§ Problem: Each line of the data must reappear exactly in your answer, with no images included.

━━ Source data

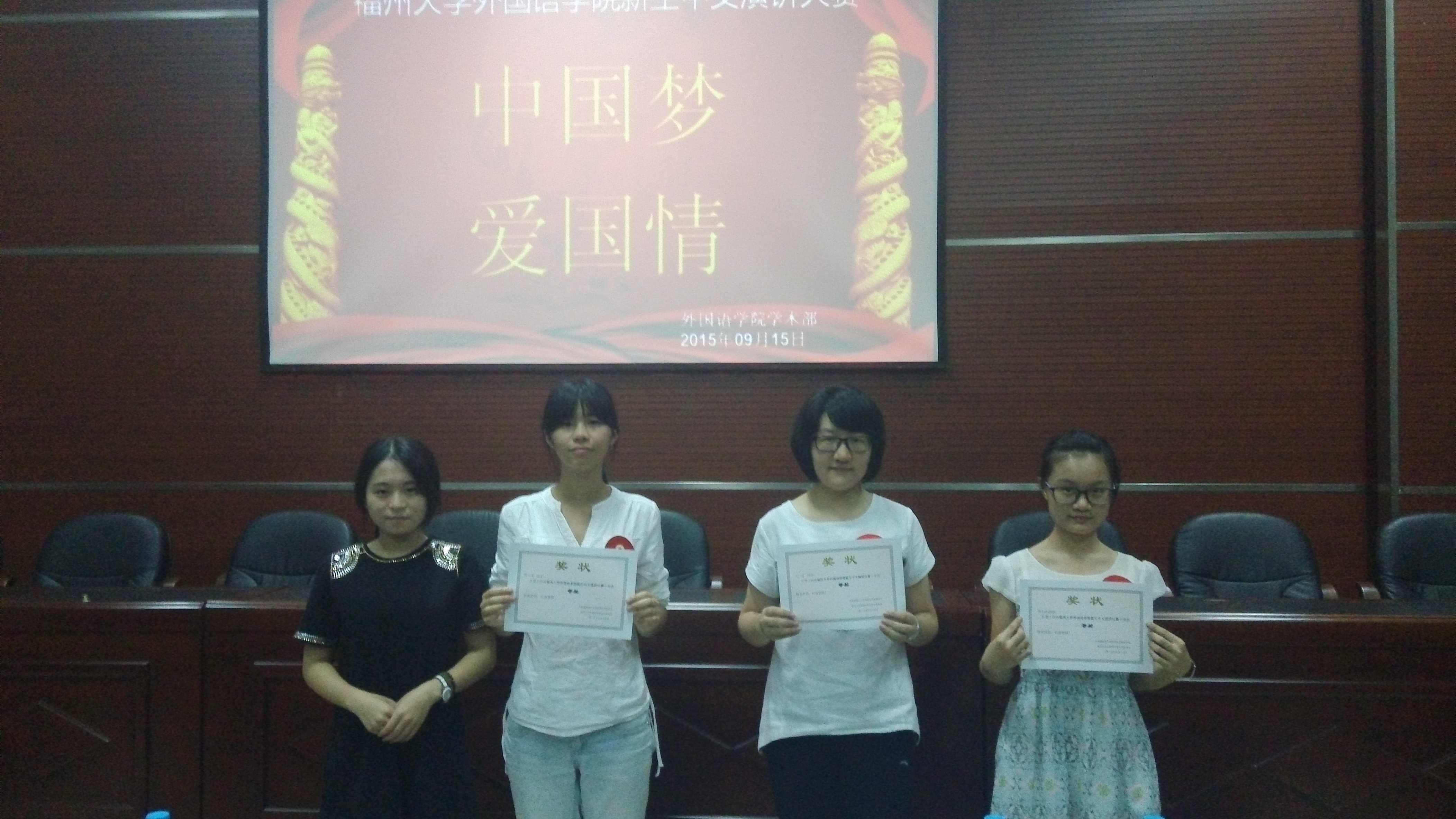 9月15日晚7时,emc易倍体育app在院办大会议室举办以“中国梦,爱国情”为题的新生中文演讲大赛,担任本次比赛的评委有2013级学生黄智婷,2014级学生张一佳、吕师涵。本次比赛吸引了很多同学前来观看,现场座无虚席。
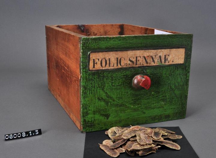 Schublade aus Nadelholz mit rotem, teilweise abgesprungenem Knauf; gezinkte Verbindungen (Schwalbenschwanzverbindung). Durchgehender Boden angeleimt, und mit Holznägeln gesichert. Vorderfront grün mit aufgeklebter Papiersignatur. Enthält Sennes-Schoten, auch Mutterblätter genannt als Ganzdroge.
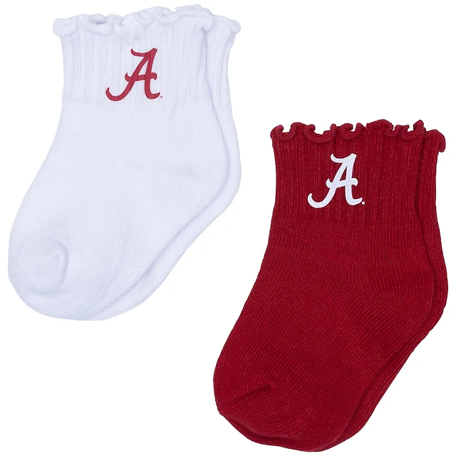 Infant ZooZatz White/Crimson Alabama Crimson Tide Two-Pack Lettuce Hem Tri-Blend Socks
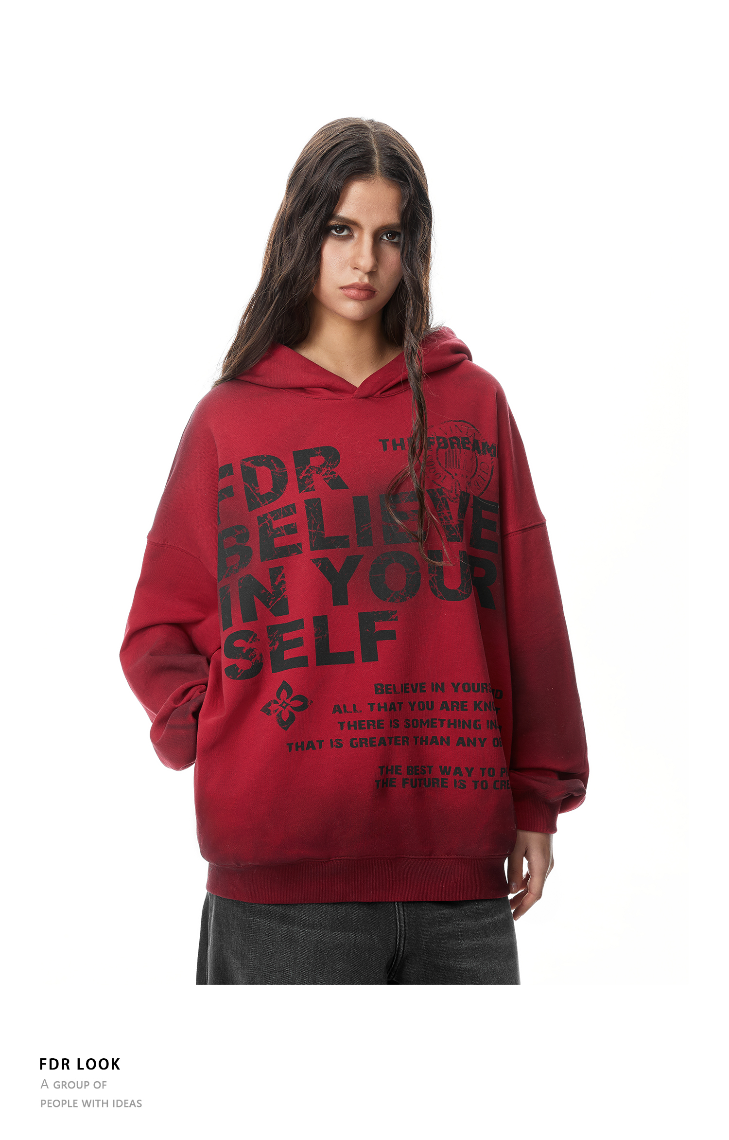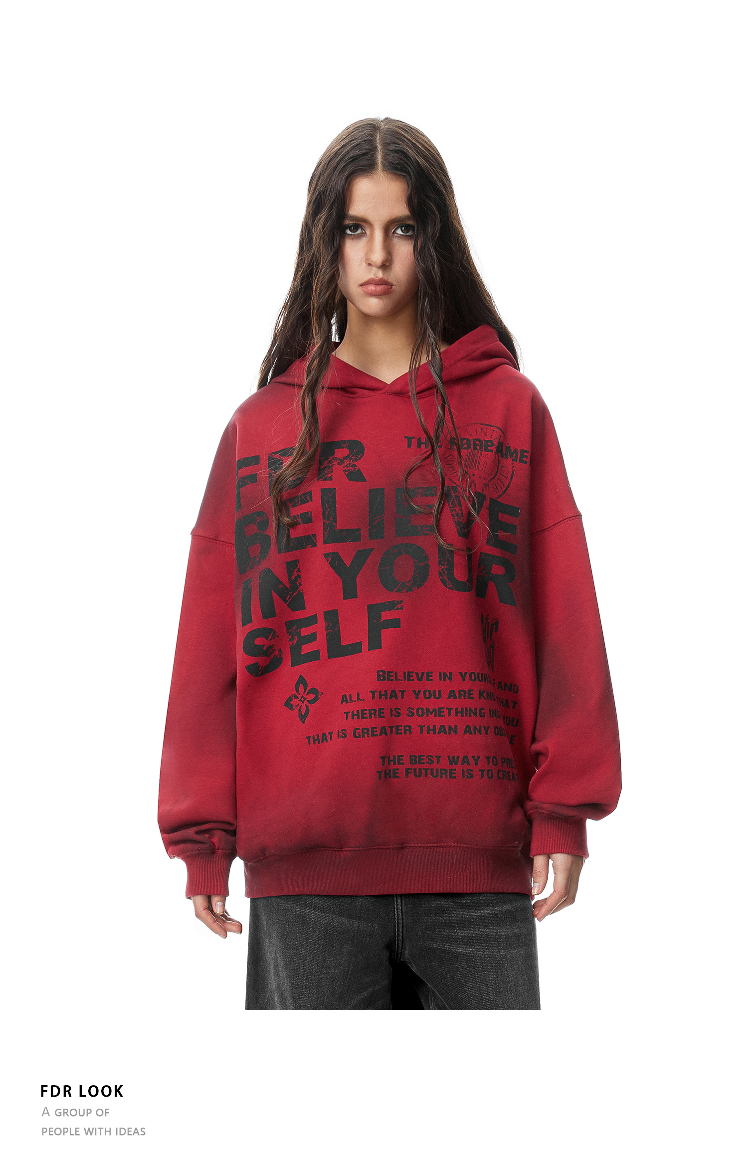 FDR官方店 斑驳字母做旧擦脏连帽卫衣男女春秋季重磅情侣宽松上衣

━━━━

§ Response area:
 9月15日晚7时,emc易倍体育app在院办大会议室举办以“中国梦,爱国情”为题的新生中文演讲大赛,担任本次比赛的评委有2013级学生黄智婷,2014级学生张一佳、吕师涵。本次比赛吸引了很多同学前来观看,现场座无虚席。
 Schublade aus Nadelholz mit rotem, teilweise abgesprungenem Knauf; gezinkte Verbindungen (Schwalbenschwanzverbindung). Durchgehender Boden angeleimt, und mit Holznägeln gesichert. Vorderfront grün mit aufgeklebter Papiersignatur. Enthält Sennes-Schoten, auch Mutterblätter genannt als Ganzdroge.
 Infant ZooZatz White/Crimson Alabama Crimson Tide Two-Pack Lettuce Hem Tri-Blend Socks
 FDR官方店 斑驳字母做旧擦脏连帽卫衣男女春秋季重磅情侣宽松上衣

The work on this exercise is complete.